Reputation: 4114
It appears that the logical NOT operator !
has non-intuitive order of operations in arithemtic:
set.seed(42)
a <- sample(100, 3)
b <- sample(100, 3)
c <- sample(100, 3)
l <- (1:3) <= 2
a * !l - b * !l + c
# 0 0 29
# same expression, but with parentheses for explicit grouping order of operations
(a * !l) - (b * !l) + c
# 74 14 43
There must be something I do not understand about the !
operator in relation to *
or conversion from logical to numeric?
Upvotes: 3
Views: 341
Reputation: 206486
Note that in R, the negation operator !
will apply to entire expression to the right of the operator until it gets to the end or encounters an expression with a lower precedence. It does not just negate the most immediate term. Recall also that 0 is treated as FALSE and any other number is TRUE. So observe
!0
# [1] TRUE
!5
# [1] FALSE
!5-5
# [1] TRUE
!5-3-2
# [1] TRUE
(!5)-3-2
# [1] -5
So you see in the case of !5-3-2
the negation isn't happening until after the 5-3-2 is evaluated. Without the parenthesis, the negation is the very last thing that happens.
So when you write
a * !l - b * !l + c
that's the same as
a * !(l - (b * !(l + c)))
Because all the operations have to happen to the right of the negation before the negation can occur.
If you want to negate just the l
terms, you can do
a * (!l) - b * (!l) + c
This is a function of the operator precedence in R (see the ?Syntax
help page for details).
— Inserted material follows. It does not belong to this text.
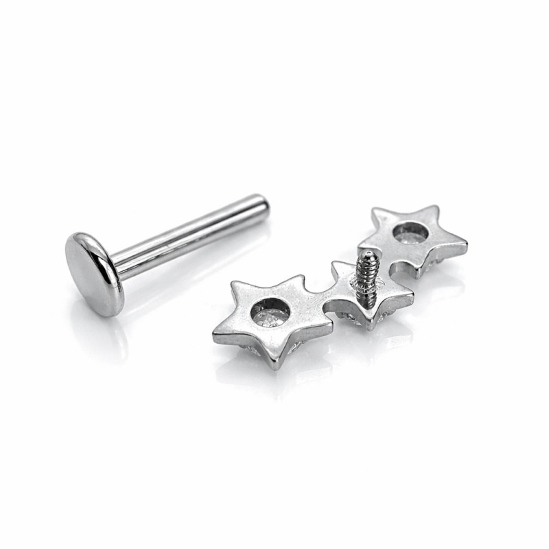 Add celestial elegance to your ear curation with this stunning Implant-Grade Titanium Triple Star Flat Back Stud. Designed with a radiant trio of star-shaped settings, each adorned with sparkling stones, this exquisite piece delivers a perfect blend of sophistication and modern style. Its graceful curved design enhances the natural contour of the ear, making it an ideal choice for curated piercings.

It's once of the last operators to be evaluated in the given expression.
Note that &
and |
have a lower precedence than !
so when you do
!a | !b & !c
that's the same as
(!a) | ((!b) & (!c))
so this roughly would be what you expect if you just stick to logical operators. It just gets a bit odd perhaps when you combine logical and arithmetic operators.